Though he was re-elected later that year, running unopposed, Stennett was unable to travel to Boise during the 2009 or 2010 legislative sessions due to the effects of his treatment. The new round of chemotherapy and radiation treatments left him too exhausted.
Former Sun Valley Mayor Jon Thorson filled in for him during the 2009 session. When Stennett was unable to return to the Legislature in 2010, Stennett's wife, Michelle, stepped in as his temporary replacement. She is currently running to retain the seat.
"We've both been of the opinion of giving back," Michelle said of her and Stennett's dedication to public service in an August interview. "You participate. You're not just a stakeholder."
Michelle said Stennett gave her advice on how to handle the Legislature before she filled in for him, advice that sheds light on Stennett's political approach.
"You just have to look into your heart, think with your gut and tap into your conscience," she said he told her, advice which is supported by Stennett's focus on voting with his conscience rather than along party lines.
District 25 state Rep. Wendy Jaquet, D-Ketchum, said that if Stennett had not gotten sick, he may have gone even further in the political realm.
"I was always telling him he should run for governor and I would be his Rosemary Woods," Jaquet said.
She said Stennett considered running for governor, and may have launched a campaign in 2016.
The current governor, though he didn't tend to be politically aligned with Stennett, still expressed his respect for the senator.
"Clint was a model of civility and bipartisan cooperation," Gov. Butch Otter said.
Not just a politician
Before he was a politician, Stennett was a media mogul in the Wood River Valley. Born in Minnesota, Stennett grew up in the Magic Valley and attended Wood River High School. He graduated in 1973 and attended College of Southern Idaho for a year and a half before earning a journalism and advertising degree from Idaho State University.
He owned and operated media outlets in the valley for most of his business career. At the age of 28, Stennett invested in the Hailey-based Wood River Journal. His share of the investment was $6,000, an amount Stennett said was his entire net worth at the time.
After buying out his partners, he sold the paper in 1987. He purchased the KSVT television station the same year, and also owned and operated radio station KSKI, which he owned for about five years.
Above all, friends and colleagues say, Stennett was truly dedicated to the people and the state of Idaho.

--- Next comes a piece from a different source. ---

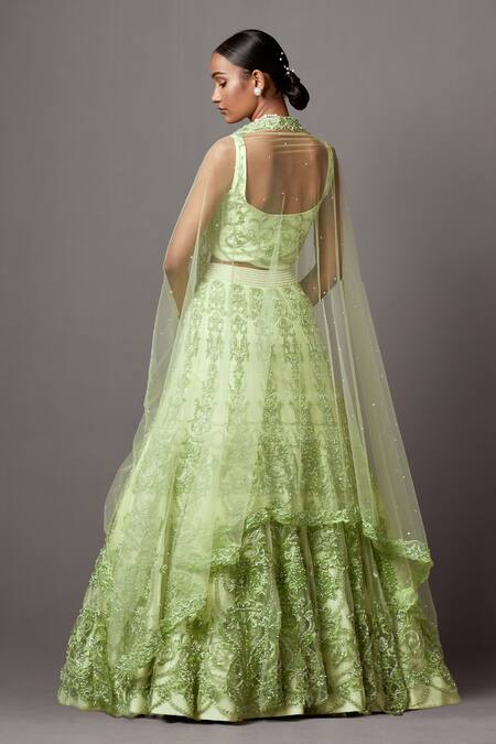 Green Net Embroidery, Pearls, Crystals Floral Swirl Baroque Bridal Lehenga Set
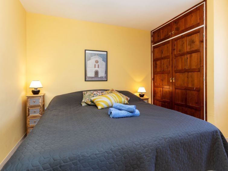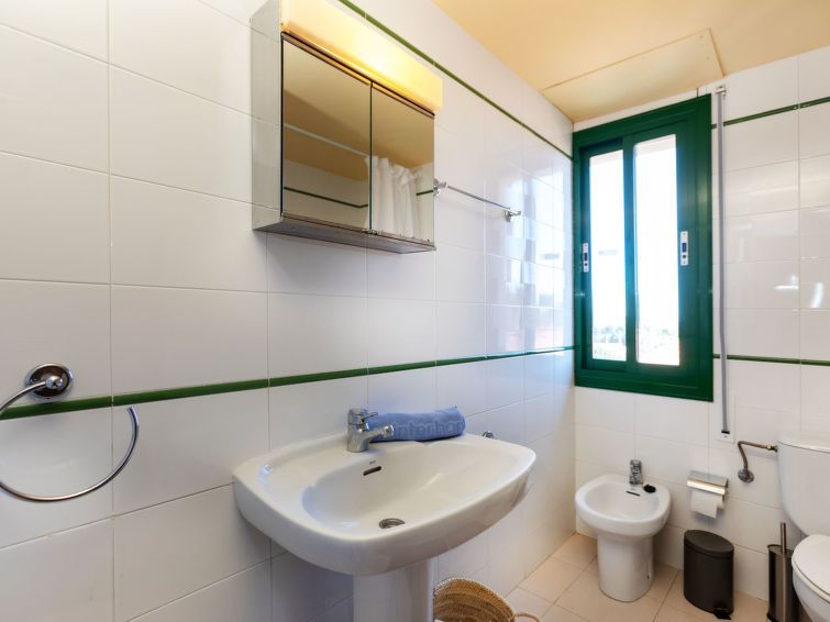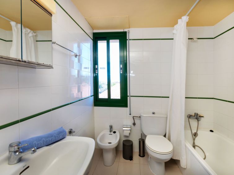 "Mediterrani", 3-room apartment 77 m2. Bright, practical furnishings: living/dining room with dining table, TV, digital TV, air conditioning and forced-air heating. Exit to the terrace. 1 room with 1 french bed (180 cm, length 200 cm), air conditioning and forced-air heating. 1 children's room with 1 bed and 1 x 2 bunk beds.

"He just loved everything about Idaho," Jaquet said. "You know how people talk about a Renaissance man? He was a true Idahoan."
Stennett will be buried in a private family service in Twin Falls next Saturday. The governor has ordered flags at all state buildings to be set at half-mast on that day. Kathryn Goldman, campaign manager for Michelle, said a public celebration of Stennett's life will be held in November, as soon as a large enough venue can be found. Details will be printed at a later date.